Saint-Louis: Combining a drug for rheumatoid arthritis with one that targets the
chikungunya virus can eliminate the signs of chikungunya arthritis in
mice in the disease’s earliest stage, according to researchers at
Washington University School of Medicine in St. Louis. The findings could lead to a drug therapy for the painful, debilitating condition for which there currently is no treatment.
“We found that combining these two drugs could abolish the signs of arthritis in mice during the acute phase,” said Deborah Lenschow, MD, PhD,
an associate professor of medicine and the study’s co-senior author,
referring to the phase in the first weeks after infection.
The study is published Feb. 1 in Science Translational Medicine.

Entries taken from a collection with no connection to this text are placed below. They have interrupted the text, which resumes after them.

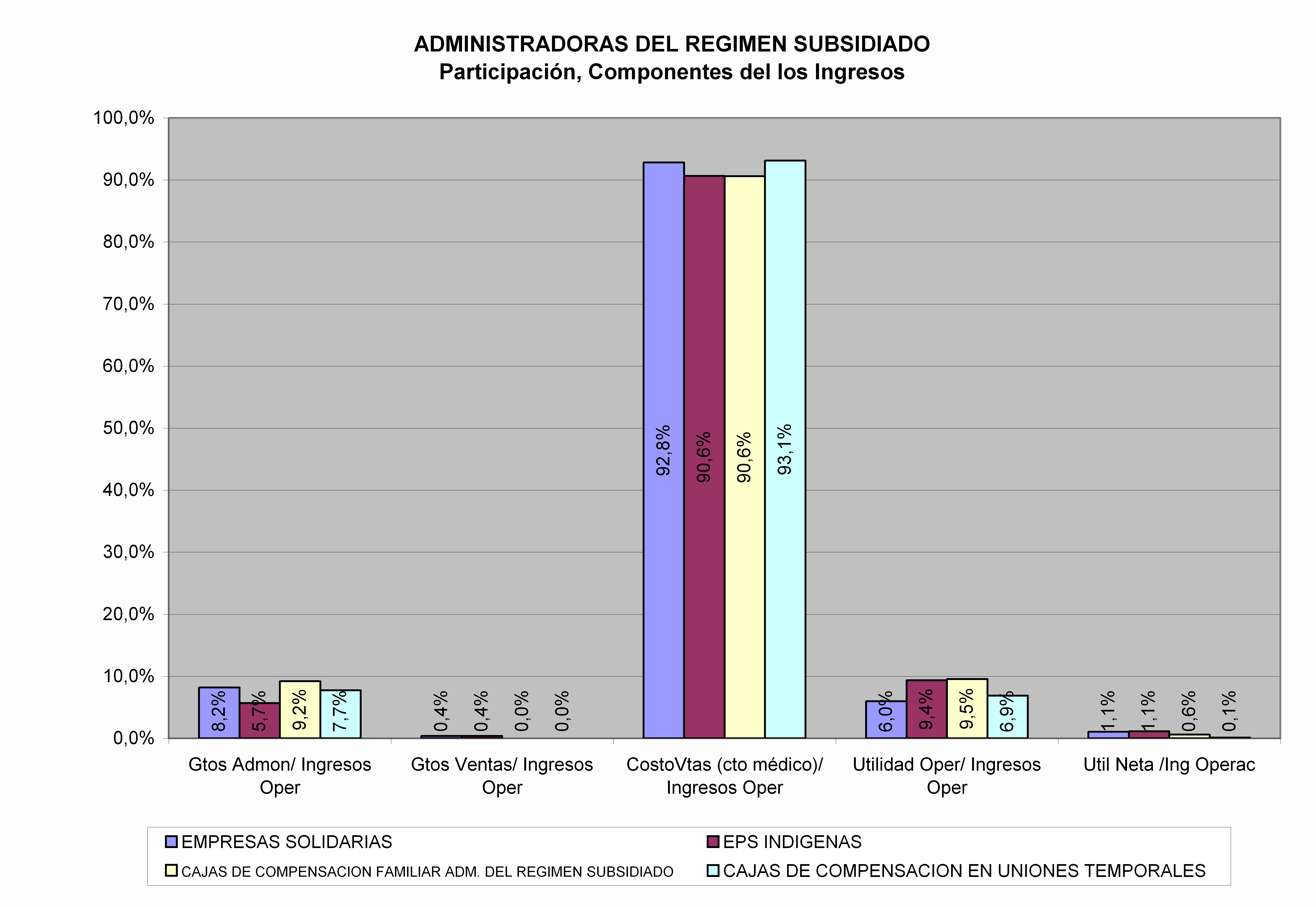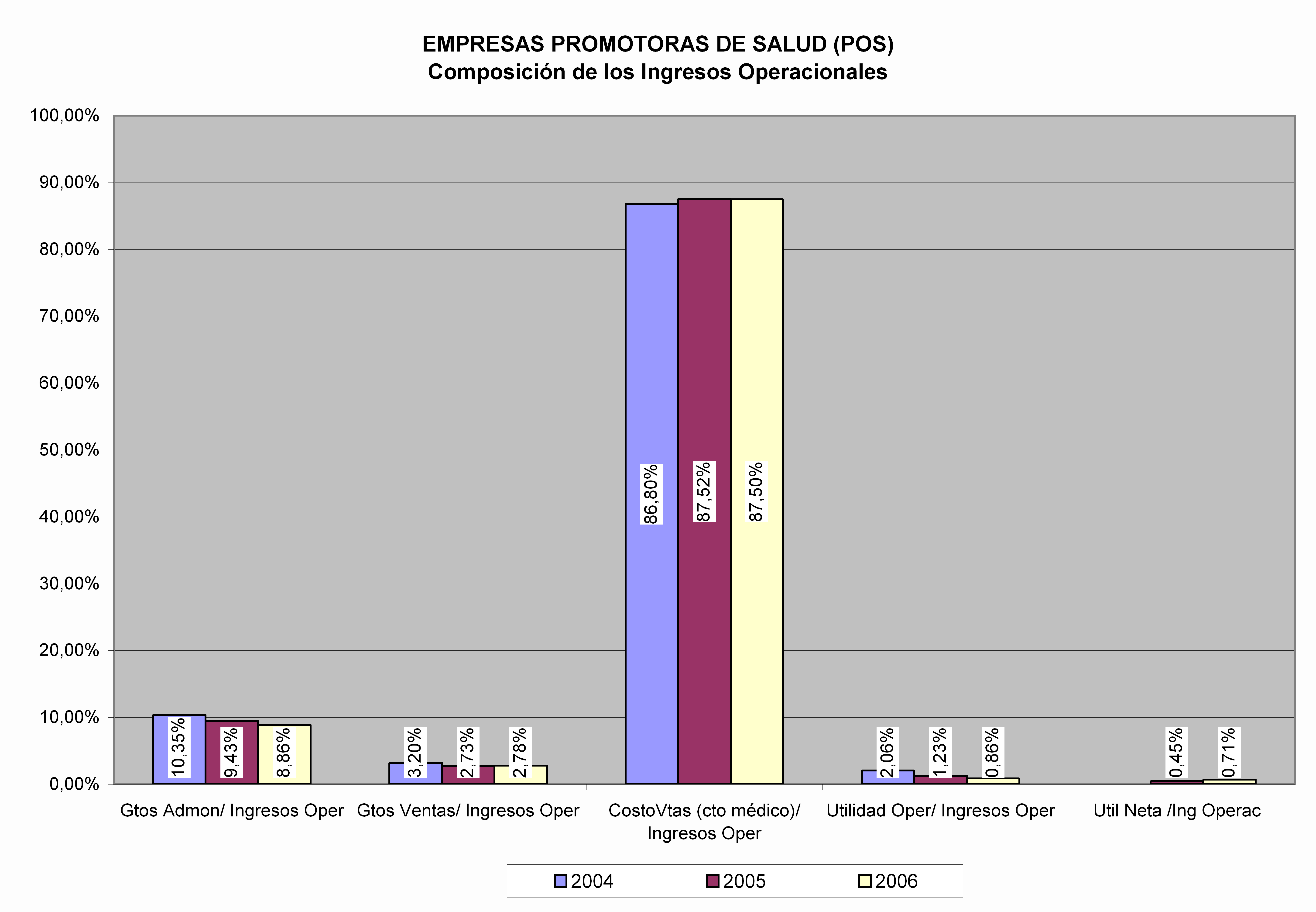 Fuente: Serrano (2008) La rentabilidad de las EPS se caracteriza por unos márgenes muy estrechos, que han venido disminuyendo, tal y como se observa en la siguiente gráfica. La disminución en los márgenes se explica principalmente como consecuencia del aumento de la participación del costo médico (costo de ventas), que ha llevado a las entidades aseguradoras a aumentar su eficiencia en la operación, administración y promoción de los servicios que ofrecen. Desde el punto de vista financiero surge el cuestionamiento sobre la suficiencia de los márgenes que genera el negocio frente a los riesgos que se tienen que asumir y que pueden estar aumentando significativamente como consecuencia de cambios en la población o en la tipología de las enfermedades.
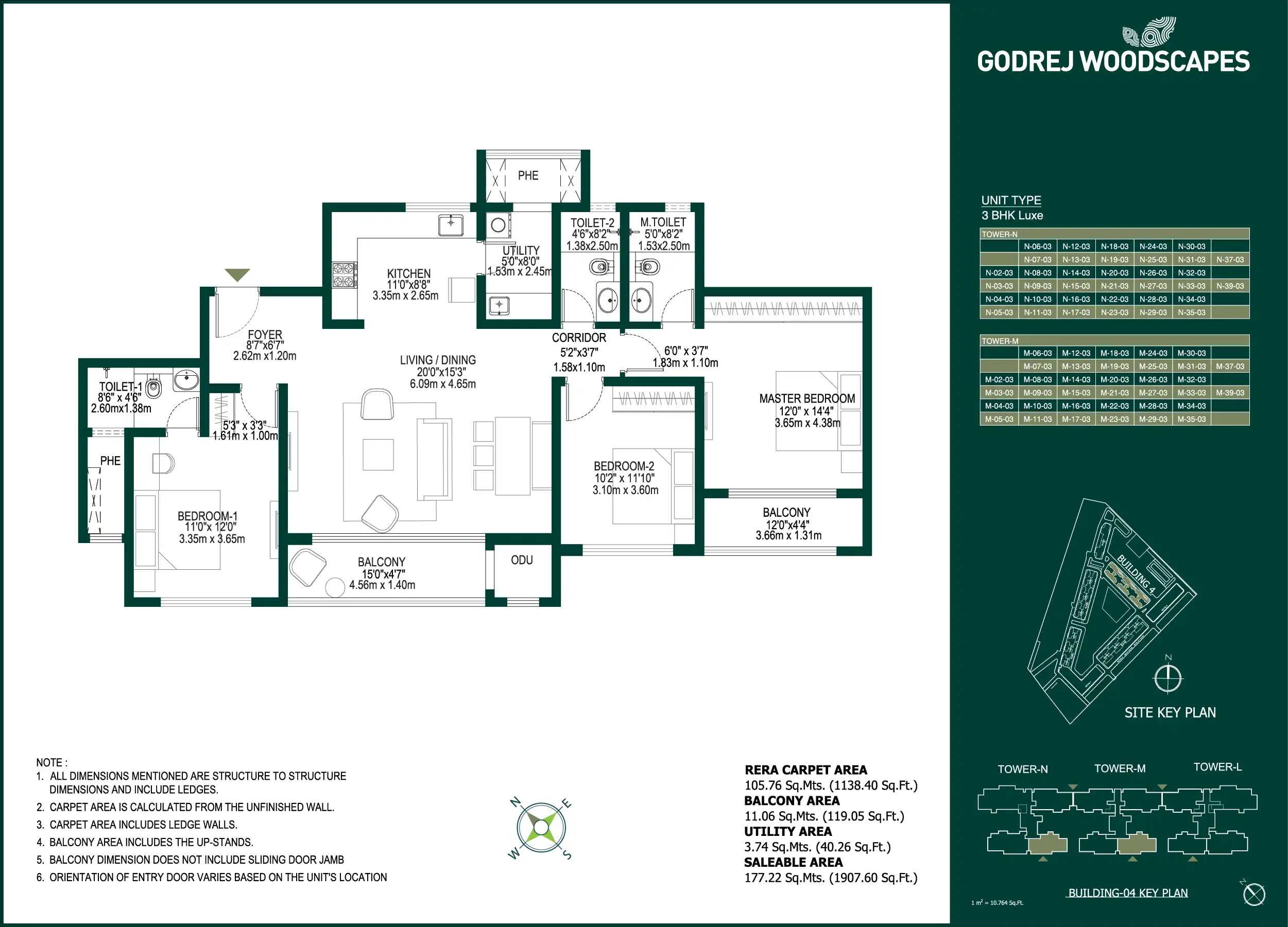 | 3 Bed Room | 1907 - 2027 |
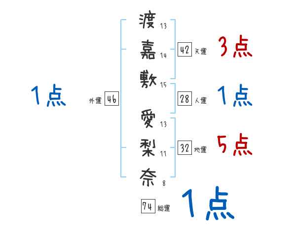 渡嘉敷愛梨奈さんの画数の鑑定結果

Until about a decade ago, chikungunya virus, which is transmitted by
mosquitoes, mainly was restricted to East Africa and South Asia. But in
recent years the virus has spread around the world. The first case
originating in the Western Hemisphere was reported in late 2013, and by
the end of 2015, the virus had infected an estimated 1.8 million people
in the Americas.
Chikungunya infection causes fever and severe joint pain, as well as
rash, muscle pain and fatigue. The majority of patients continue to
experience joint pain six months after infection, and for some, the
arthritis continues for years.
“We were seeing people at our rheumatology clinic whose signs and
symptoms really mimicked rheumatoid arthritis but who had been infected
with chikungunya,” Lenschow said. “This raised the question in our
minds, ‘Would therapeutics we use to treat rheumatoid arthritis be of
any benefit to patients with chikungunya arthritis?’”
To find out, Lenschow, co-senior author Michael Diamond, MD, PhD,
and colleagues tested a panel of six rheumatoid arthritis drugs – all
approved by the Food and Drug Administration for use in patients – on
mice infected with chikungunya virus.
All six drugs work by suppressing the activity of the immune system.
Although different in many ways, rheumatoid arthritis and chikungunya
arthritis both involve out-of-control immune activity in the joints.
The researchers injected seven groups of mice with the virus and
three days later administered one of the six arthritis drugs or a
placebo to each group of mice. A week after infection – when the mice’s
arthritis signs were at their peak – the researchers measured the amount
of swelling around the joints as well as the numbers of immune cells
and molecules in the affected areas.
Two of the drugs – abatacept and tofacitinib – significantly reduced
the swelling and the levels of immune cells and molecules. Importantly,
the levels of live virus did not increase in the animals given the
immunosuppressive arthritis drugs.
“There was a significant concern that administering any
immunosuppressive drug would allow the virus to escape from immune
control, leading to worse outcomes in the long term,” said Diamond, the
Herbert S. Gasser Professor of Medicine. “We’ve seen that with other
viruses, but in this case, none of the drugs seemed to exacerbate viral
replication. This raises the possibility that these drugs can be safely
investigated in humans.”
The treatment was only partially successful at resolving the
arthritis, however, which led the researchers to test whether adding a
human antibody against chikungunya virus could improve the
effectiveness.
As before, the researchers infected mice with the virus and three
days later dosed them with the arthritis drug abatacept, the antiviral
drug or both. Each drug individually reduced joint swelling a week after
infection. But when abatacept and the antiviral drug were used
together, the joint swelling and the infectious virus in the animals’
joints were eliminated.
“We saw real improvement in the acute phase, but unfortunately, the
drug interventions we tried failed to correct the chronic phase,”
Diamond said.
In humans, the chronic phase of chikungunya arthritis starts three
weeks after initial infection and lasts as long as the patient continues
to experience joint pain, which can be three or four years. During the
chronic phase, infectious virus is no longer detectable in the joints,
but viral genetic material persists and may be sufficient to trigger an
ongoing immune response, causing the tissue damage that patients
perceive as arthritis.
The researchers found a similar pattern in the mice treated with the
drug combination: By four weeks after infection, live virus was no
longer present in the animals’ joints, but viral genetic material
remained, suggesting that the drugs had not eliminated the chronic phase
of the disease.
It is possible that a treatment that reduces arthritis symptoms in
the first weeks after infection could lower the chance that the disease
becomes chronic, but no data has yet been published for or against the
possibility. Still, any effective treatment, even if short-lived, would
be a boon for chikungunya patients, who currently have no proven
treatment options. Lenschow has discussed beginning a human study with
colleagues in Brazil, but plans are not yet finalized.
“In those first weeks, people are really very sick with a high fever
and a lot of pain, so if further studies show that this combination
treatment is effective in humans, that will have real benefits for
patients,” Diamond said. “As for the chronic phase, we’re going to
continue looking for other treatment strategies.”